Ian Baines, Cheddar’s CEO, stated, “We are excited about the opportunity to be a part of Darden. Our operating philosophy and values are similar and we believe this transaction provides a great opportunity for our team members to continue to grow and develop in their careers. Additionally, Darden’s expertise will enable us to further capitalize on our growth potential.”
BofA Merrill Lynch is acting as exclusive financial advisor and Hunton & Williams LLP is acting as legal advisor to Darden. Morgan Stanley & Co. LLC is acting as exclusive financial advisor to Cheddar’s and DLA Piper is acting as legal advisor to L Catterton, Oak Investment Partners and Cheddar’s.
Investor Conference Call
Darden Restaurants, Inc. will host a conference call to discuss the transaction and its fiscal 2017 third quarter earnings results, which were distributed in a separate release today, on Tuesday, March 28 at 8:30 am ET. To listen to the call live, please go to https://www.webcaster4.com/Webcast/Page/1007/19977 at least fifteen minutes early to register, download, and install any necessary audio software. Prior to the call, a slide presentation will be posted on the Investor Relations section of our website at: www.darden.com. For those who cannot access the Internet, please dial 1-888-994-3811 and enter passcode 2216120. For those who cannot listen to the live broadcast, a replay will be available shortly after the call.
Darden Restaurants, Inc. (NYSE: DRI) owns and operates more than 1,500 restaurants that generate $7 billion in annual sales.

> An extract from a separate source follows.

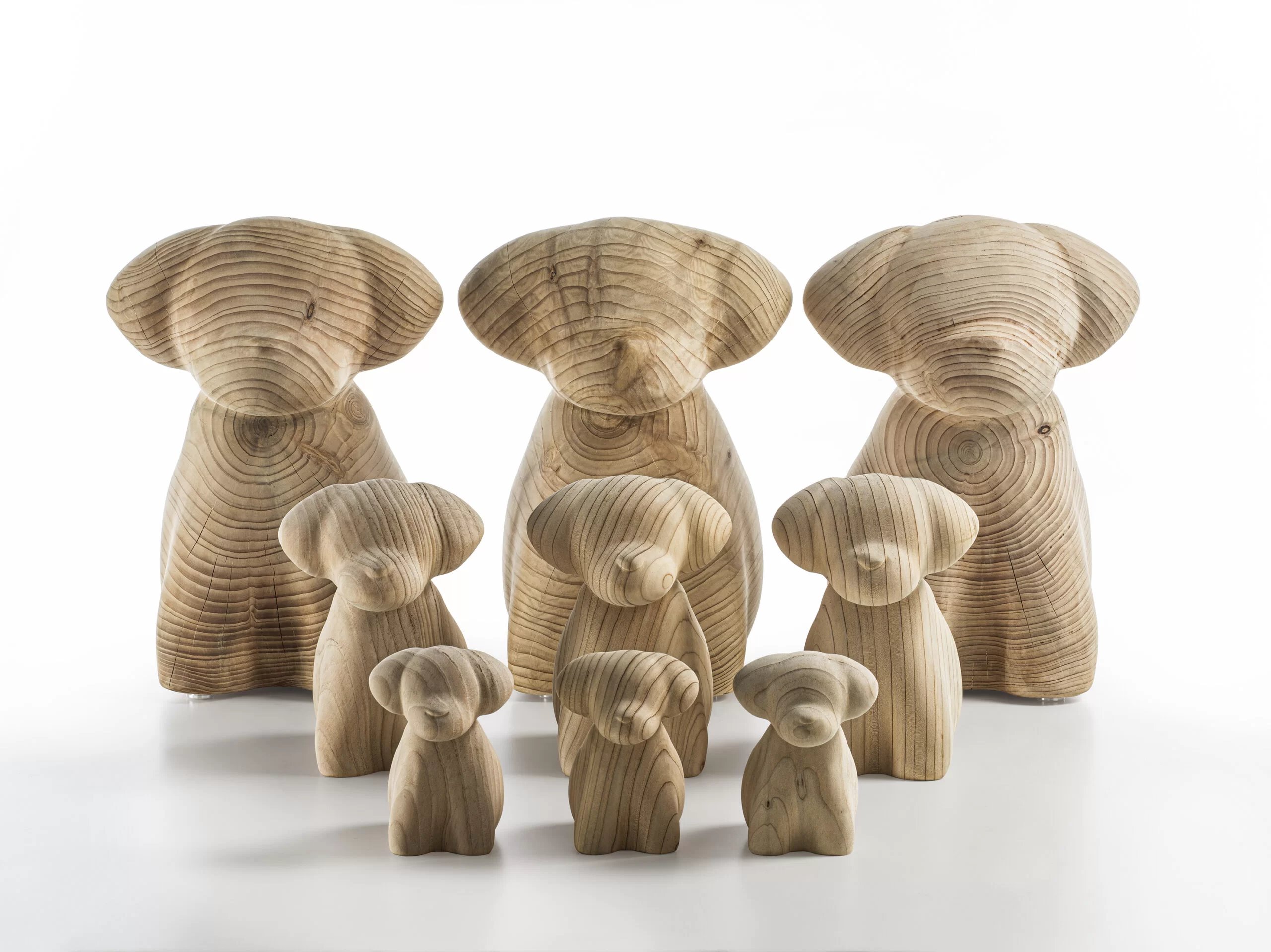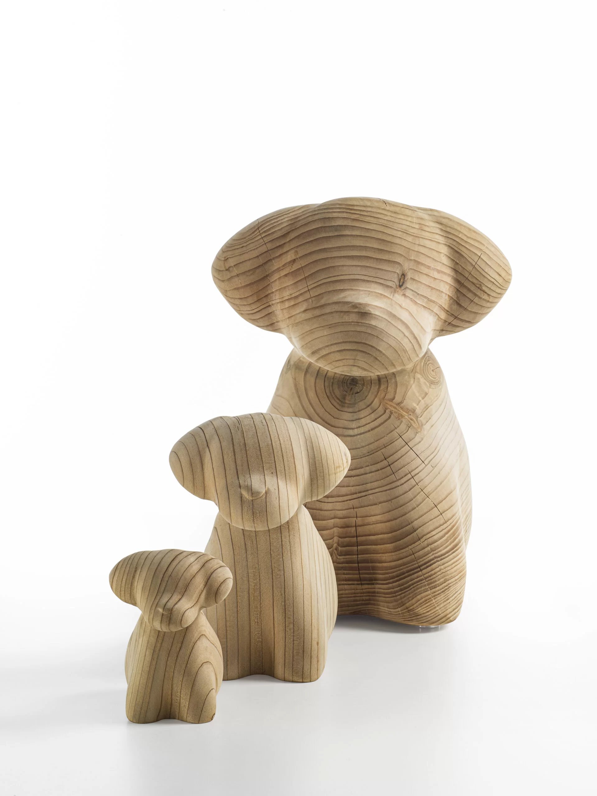 Complemento d’arredo in legno massello di cedro profumato lavorato da un blocco unico, il cui design scultoreo si ispira ad un cane di razza maltese.
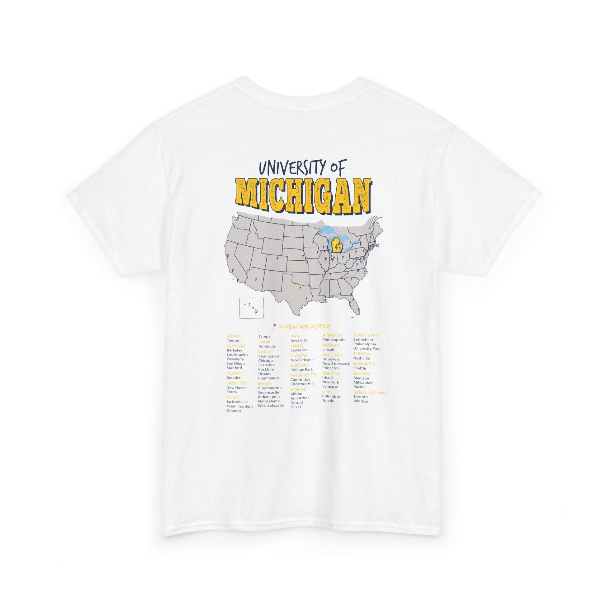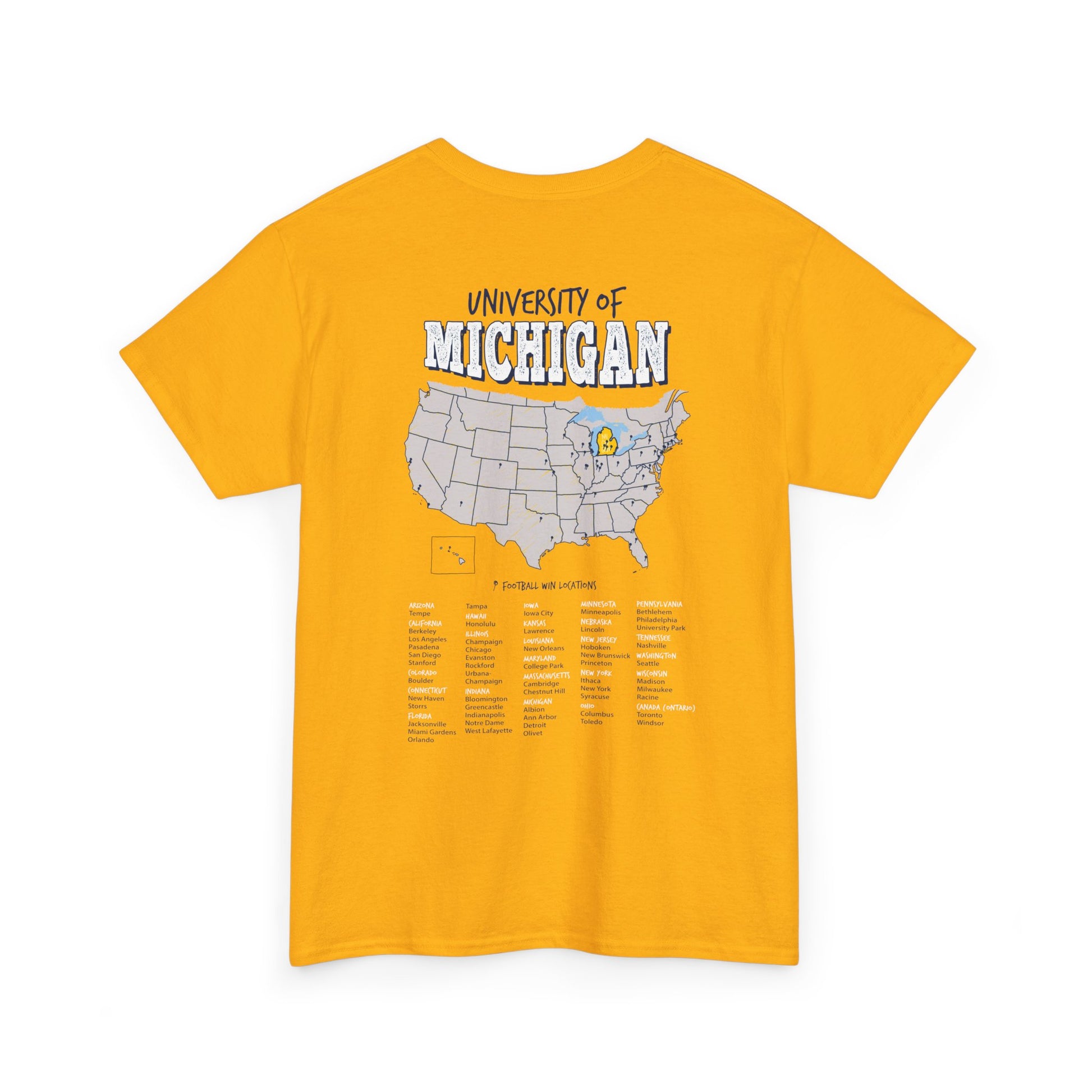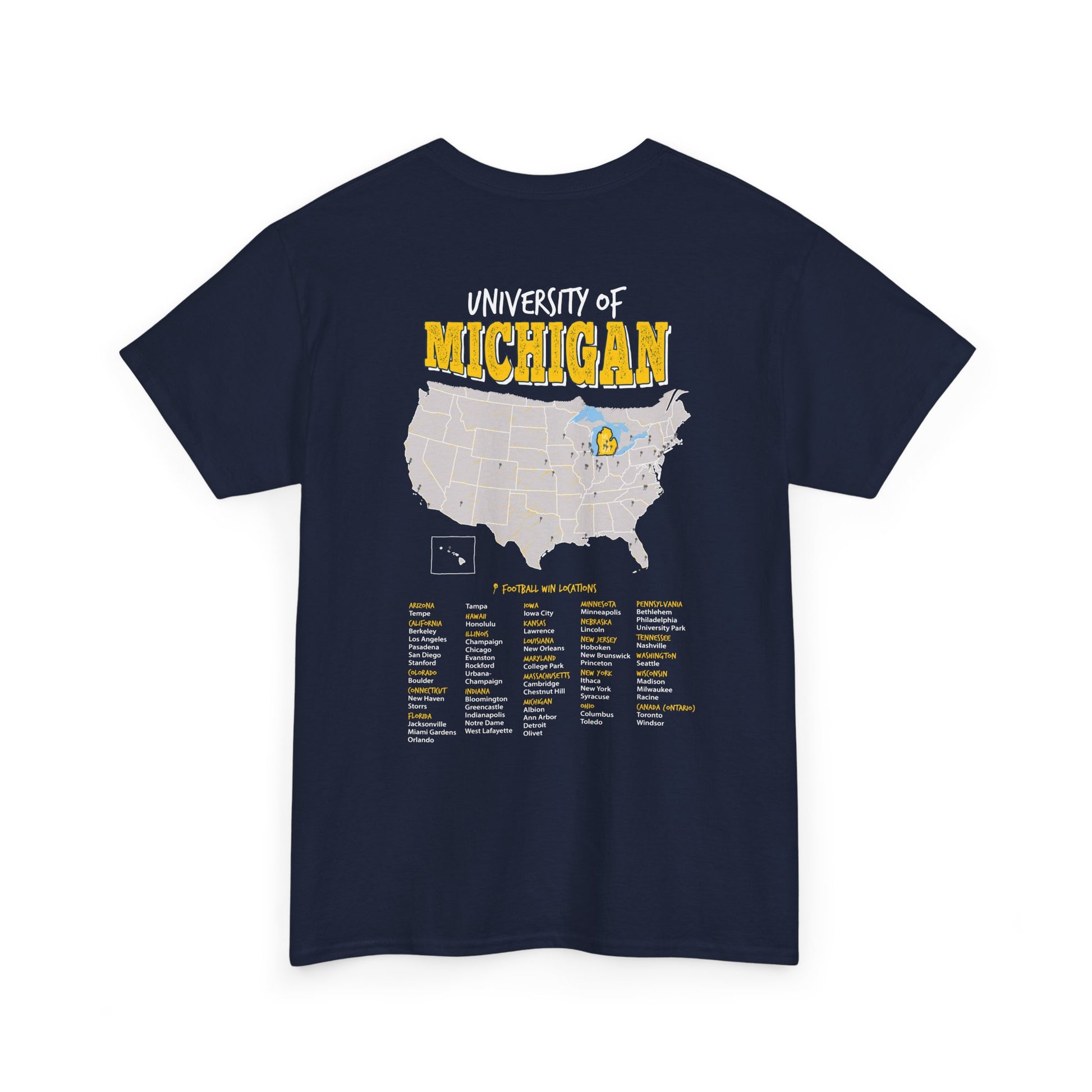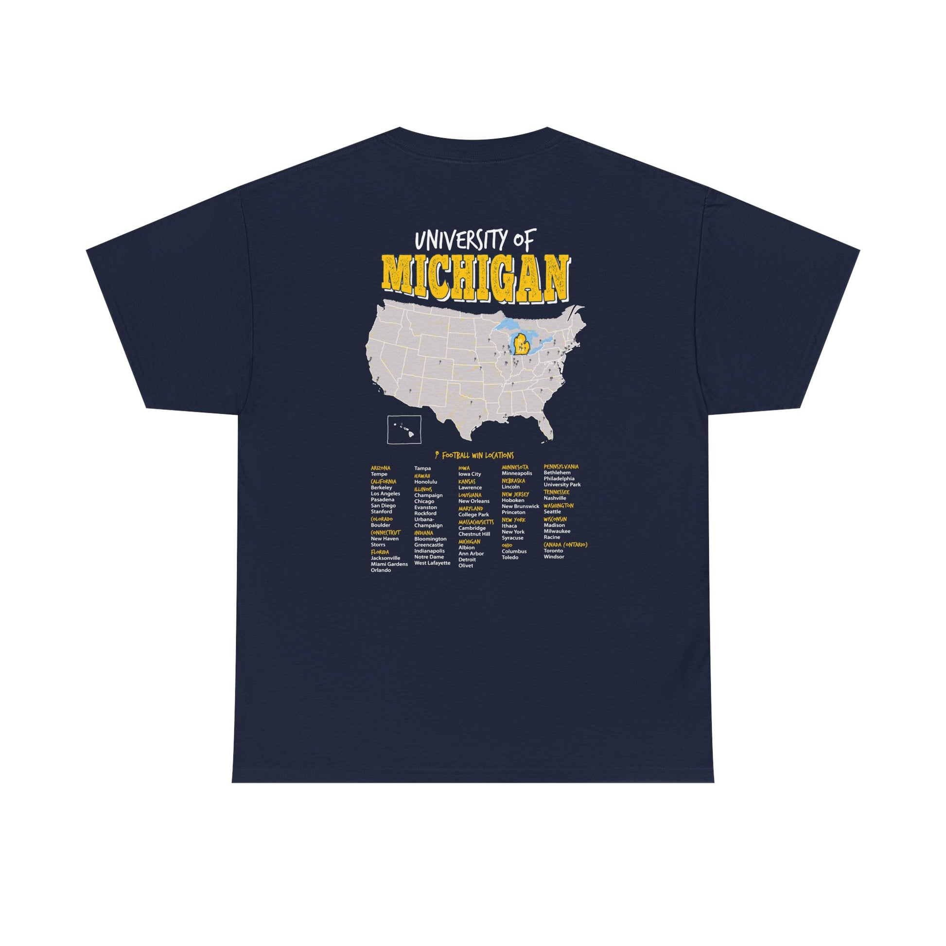 Our Victory Map T-Shirts bring generations of triumph to life, featuring a detailed map of every city where your team has won—from legendary rivalries to unforgettable bowl games.

Headquartered in Orlando, Florida, and employing 150,000 people, Darden is recognized for a culture that rewards caring for and responding to people. Our restaurant brands – Olive Garden, LongHorn Steakhouse, Bahama Breeze, Seasons 52, The Capital Grille, Eddie V’s and Yard House – reflect the rich diversity of those who dine with us. Our brands are built on deep insights into what our guests want. For more information, please visit www.darden.com.
About L Catterton
L Catterton, formed in 2016 through the partnership of Catterton, LVMH and Groupe Arnault, is the largest consumer-focused private equity firm in the world, operating multiple funds out of seventeen offices across five continents. More information about L Catterton can be found at www.lcatterton.com.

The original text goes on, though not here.